On Monday morning an announcement went out over the loud speaker: There would be an afternoon assembly to discuss the vandalism that had occurred over the weekend. Attendance mandatory. The day stretched out before me like a piece of taffy, each tick of the clock’s second hand caught in its sticky sweetness. I found myself panting in the girls’ bathroom, my head hung over the sink, unable to shake the vision of the small tree as it stood, just before joining its shadow in the grass. I stayed clear of Amy.
The atmosphere in the gym was electric. A low rumble started up as Coach, microphone in hand, just stood there, tears slowly rolling down his face.
“We love you coach!” some of the girls’ basketball team shouted and, as the power of the collective took hold, a low rumble mounted. “Yeah, Coach, we love you,” from what seemed like most of the student body.
Finally able to speak, Coach started his booming voice, “As you all by now know, over this past weekend, someone came onto school property and chopped down …” and here he had to pause. “The Wisdom Tree was a symbol. A reminder that sometimes we get too caught up in our thoughts, feelings and problems and, when that happens, we need to go and touch something real, something that’s rooted and that connects us to nature which passes no judgment.”

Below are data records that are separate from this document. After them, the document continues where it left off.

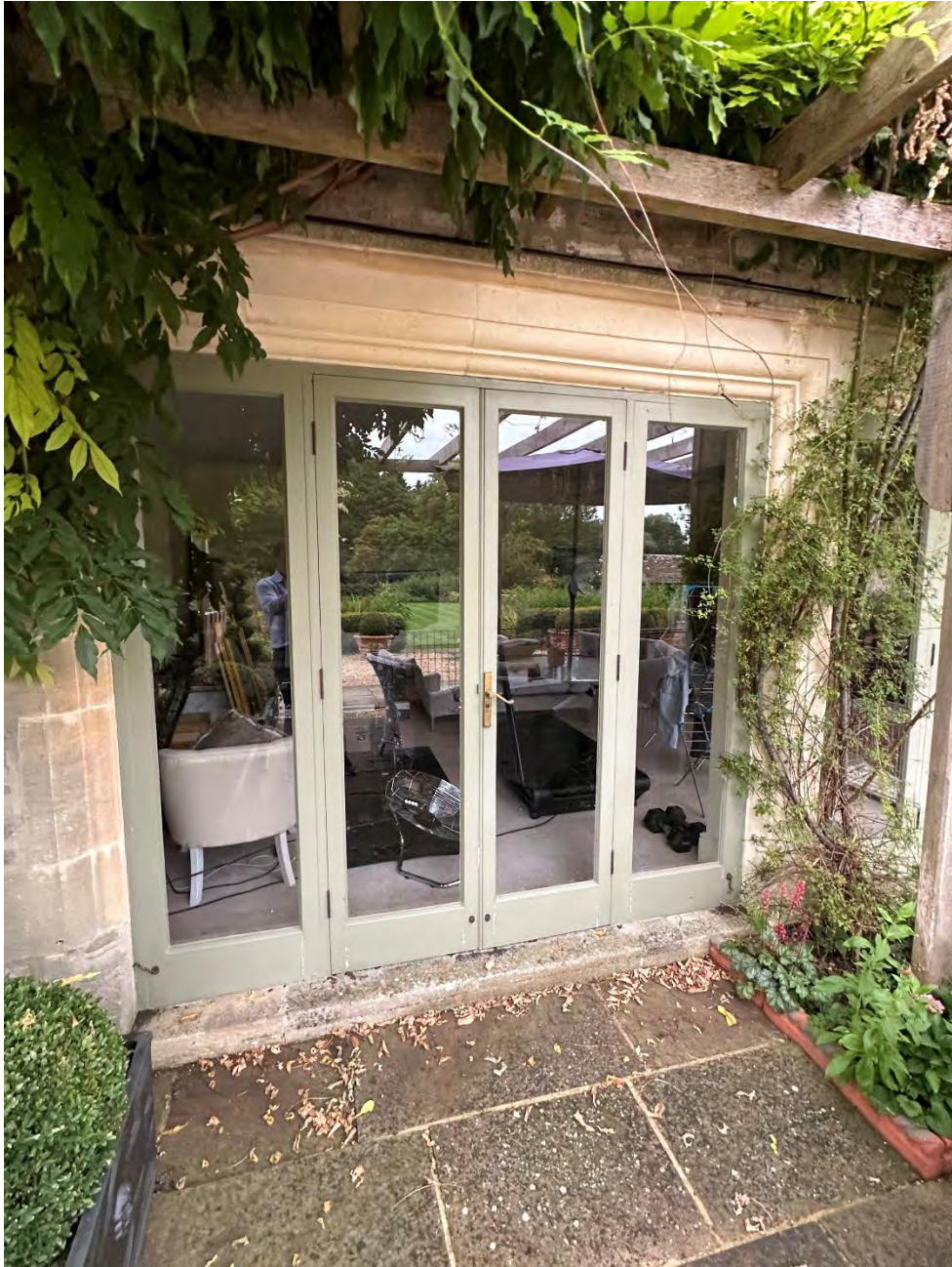
P22-0597 | JT | September 2023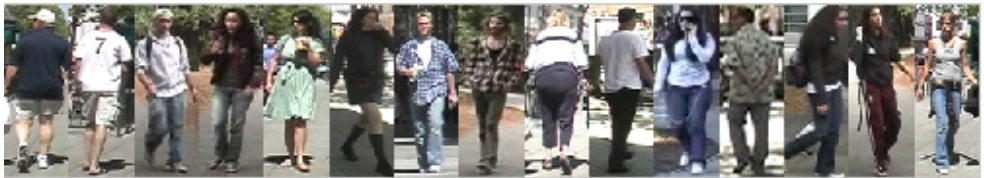
Figure 1: Example positive images for each attribute in our ontology. From left to right: shorts, sandals, backpack, open-outerwear, sunglasses, skirt, carrying-object, v-neck, stripes, gender, headphones, short-hair, long-hair, logo, jeans.

the same parameter choices for \gamma , \lambda , \theta and \sigma^2 as [19] for Gabor filter extraction, and for \tau and \sigma for Schmid extraction. Finally, we use a bin size of 16 to describe each channel.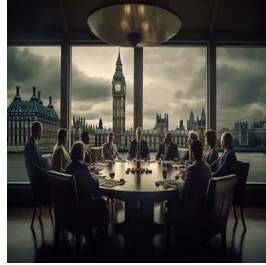
London - UK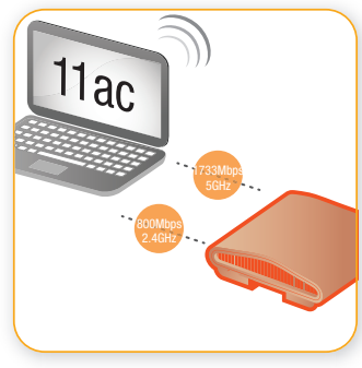
Blinding Fast 4-Stream 802.11ac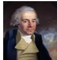
William Wilberforce Famous for influencing the Transatlantic Slave Trade.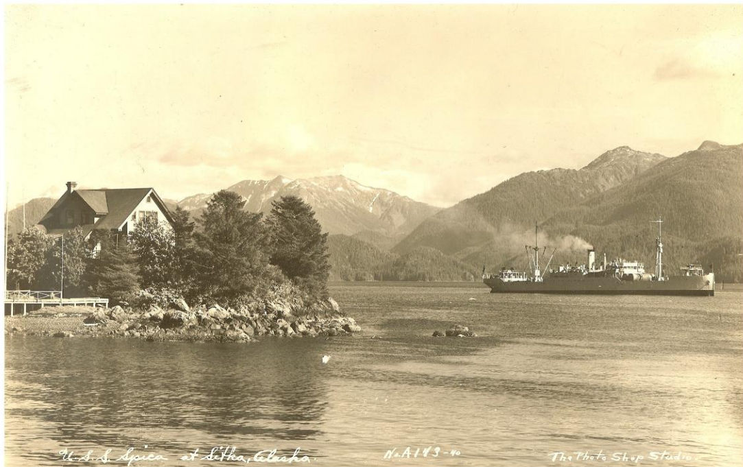
U.S.S. Spica at Sitka, Alaska.

I was a Radioman Third Class, and our assignments were making trips up to Sitka and Dutch Harbor and Kodiak, and up through the Aleutian Island area and taking supplies back and forth from Bremerton to there - to the naval bases.

“And so, I believe the person, or persons who did this were caught up in their own petty thoughts and feelings and perhaps felt powerless against them and that’s why they did this thing. Because this was an act of weakness. Weakness of character and spirit. Whoever’s responsible for this, please come forward. Naturally, there will be consequences but, if you come clean now, you might actually be able to start forgiving yourself because believe me, someday – maybe today, maybe tomorrow or even many years from now – you will regret what you’ve done.”
Going to Drivers Ed class after that speech was like being dragged to the gallows. I was sweating and couldn’t stop shaking. I was convinced that Coach, with his magnifying lenses for eyes, would be able to see right through me. But when I got to class, he was distant and didn’t make a lot of eye contact with anyone. He spoke a bit about class certificates and what to expect on the state driving test. He told us we’d been good students and that he was excited for us to start this new chapter in our lives as drivers. But before he released us for the day, he rather quietly and somberly said, “There’s one thing I want you to do before you head out for the day. C’mon, people, let’s go.”
And so we marched up and out to the lawn and, without having to be asked, one by one bent down and touched what remained of the Wisdom Tree and whispered, “Thank you.”
Summer came and went and Amy and I slowly drifted apart. I simply found it difficult to look at her, though I blamed her for nothing and none of us ever confessed. Shame is a capricious bedfellow. Eventually, I left our small town and have since lived in far-flung cities, suburbia, and the quiet of the country, moving frequently, restless and eager for a fresh start. Rootless.
But now that I have daughters of my own, I’ve settled into a house in an old neighborhood where the streets are lined with ancient trees whose branches form archways the residents drive and walk under. In front of my house stands a dark-leafed tree in which my husband has hung a swing for my daughters from its largest limb. As summer begins to show itself, I watch my girls sway back and forth and, though the bough sighs and creaks under their weight, I trust that it will hold. I know how strong a tree can be.